Nicole’s 78-year-old mom is paying huge fees for low returns. How can Nicole help her mom make better investments?
Nick is in his 40’s. His long-term care insurance rate is nearly doubling. Should he stop spending on this type of insurance?
Paul is a single dad, worried about paying his daughter’s college costs. He’s trying to figure out how to report lower income on the FAFSA, so that his daughter can get better financial aid.
Former financial planner Joe Saul-Sehy and I tackle these three questions in today’s episode.
P.S. Got a question? Leave it here.
Nicole asks (at 03:11 minutes): My retired 78-year-old mom has several poorly invested, high-fee retirement accounts with two financial advisors.
I don’t expect her to have large returns at this stage of life, but she pays 1.65 percent in annual fees while her investments have only gained 1.45 percent over 10-plus years.
Her other accounts are in a total value annuity, which has surrender charges until 2026, and a REIT that’s dropped 50 percent since April 2023.
I’m helping her move her investments to Schwab but I have some questions:
What asset allocation should she consider for the money in the Schwab accounts?
How should we approach taking her required minimum distributions (RMDs)? Should we put the expected amounts in a CD ladder?
Do RMDs need to be taken out of each account separately?
Or, can I take RMDs out of only the annuity and REIT accounts since I want to sell them anyway?
Unfortunately, I don’t have records of what kind of accounts she held before they were actively managed.
She was a teacher, so I believe her accounts were originally 403b’s.
Nick asks (at 35:00 minutes): My wife and I are federal employees who signed up for long-term care insurance in our mid-20s when it was very inexpensive.
We’re now in our mid-40s and the rates have increased significantly every few years since we got the plan.
The current plan provides a daily benefit of $278 with an annual inflation protection of five percent with an unlimited benefit period.
Rate increases are affecting all federal employees who’ve enrolled. How should I think through the three options we’ve been given?
Keep the plan as is, but the rates will increase from $150 to $278 a month.

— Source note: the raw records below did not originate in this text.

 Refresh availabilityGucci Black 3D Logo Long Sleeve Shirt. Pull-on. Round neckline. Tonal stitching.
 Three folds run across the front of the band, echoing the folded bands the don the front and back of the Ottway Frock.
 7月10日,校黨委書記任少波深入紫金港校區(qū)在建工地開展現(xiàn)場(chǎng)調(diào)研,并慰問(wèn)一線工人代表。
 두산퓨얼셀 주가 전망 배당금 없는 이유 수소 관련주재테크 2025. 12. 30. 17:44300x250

The premium stays at $150 a month, but inflation protection would decrease to two percent a year.
A paid-up limited benefit with no future premiums due. My $278-a-day benefit would be limited to a lifetime total of $22,000, which is equivalent to what I’ve paid into the plan.
Our combined income is $200,000.
We expect a good pension during retirement, we have significant savings in a Thrift Savings Plan (TSP), and we have some income from rental properties.

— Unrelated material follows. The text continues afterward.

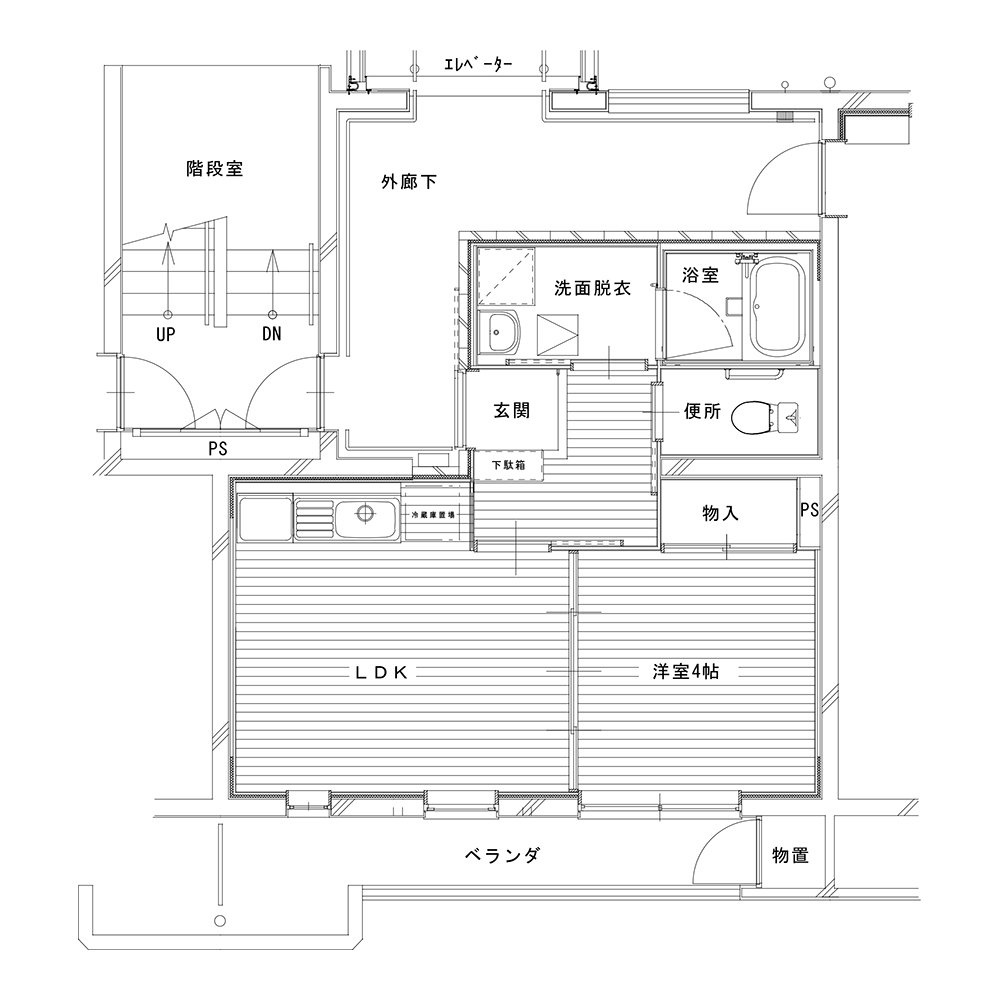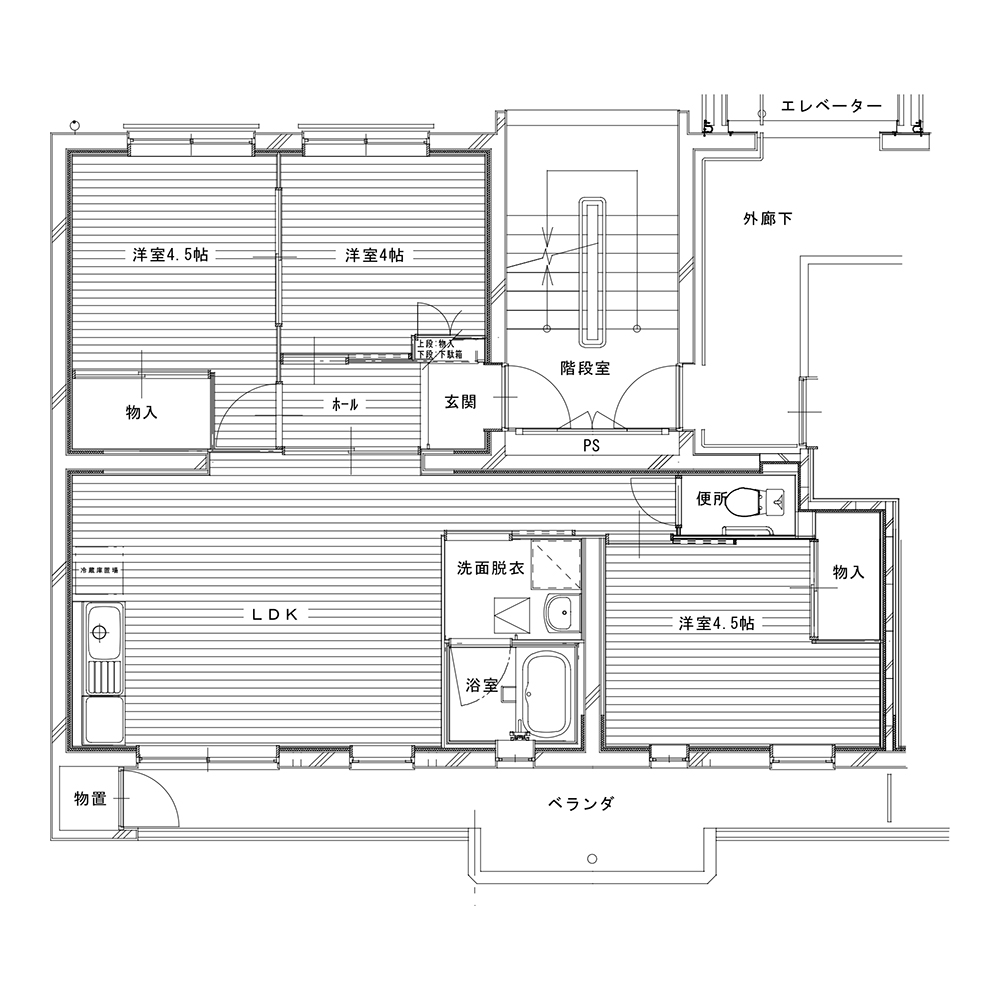 浴室風呂釜(壁掛け式)、エレベーター、都市ガス

Paul asks (at 50:37 minutes): Are there any strategies to minimize reportable income from a FAFSA perspective?
I’m a single parent and file as head of household. My daughter’s junior year of high school will be 2025, which will be her first FAFSA application year.

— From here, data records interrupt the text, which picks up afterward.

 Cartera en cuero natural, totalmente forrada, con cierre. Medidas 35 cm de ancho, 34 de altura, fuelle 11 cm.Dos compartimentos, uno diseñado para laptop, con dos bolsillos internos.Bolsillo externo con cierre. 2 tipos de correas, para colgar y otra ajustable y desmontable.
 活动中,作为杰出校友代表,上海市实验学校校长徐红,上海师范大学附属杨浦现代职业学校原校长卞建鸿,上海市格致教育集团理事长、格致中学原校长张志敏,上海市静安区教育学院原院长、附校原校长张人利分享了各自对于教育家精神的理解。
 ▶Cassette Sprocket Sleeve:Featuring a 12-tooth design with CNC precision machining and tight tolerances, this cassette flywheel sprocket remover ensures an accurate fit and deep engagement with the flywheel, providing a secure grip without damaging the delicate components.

As I understand it, FAFSA will look at my 2025, 2026, and 2027 income to assess aid qualification. I’m also allowed to keep up to $50,000 in cash without affecting my application.
Is there a way to prepay $200,000 of expenses for 2025-2027 so I can spend at a higher level while staying under the $50,000 threshold?
I’ve thought about prepaying credit cards upfront, but my experience is that they’ll refund large credit balances at some point.
I don’t like the idea of buying gift cards in bulk because it seems risky.
Are there any other strategies to keep cash off the books as far as FAFSA is concerned?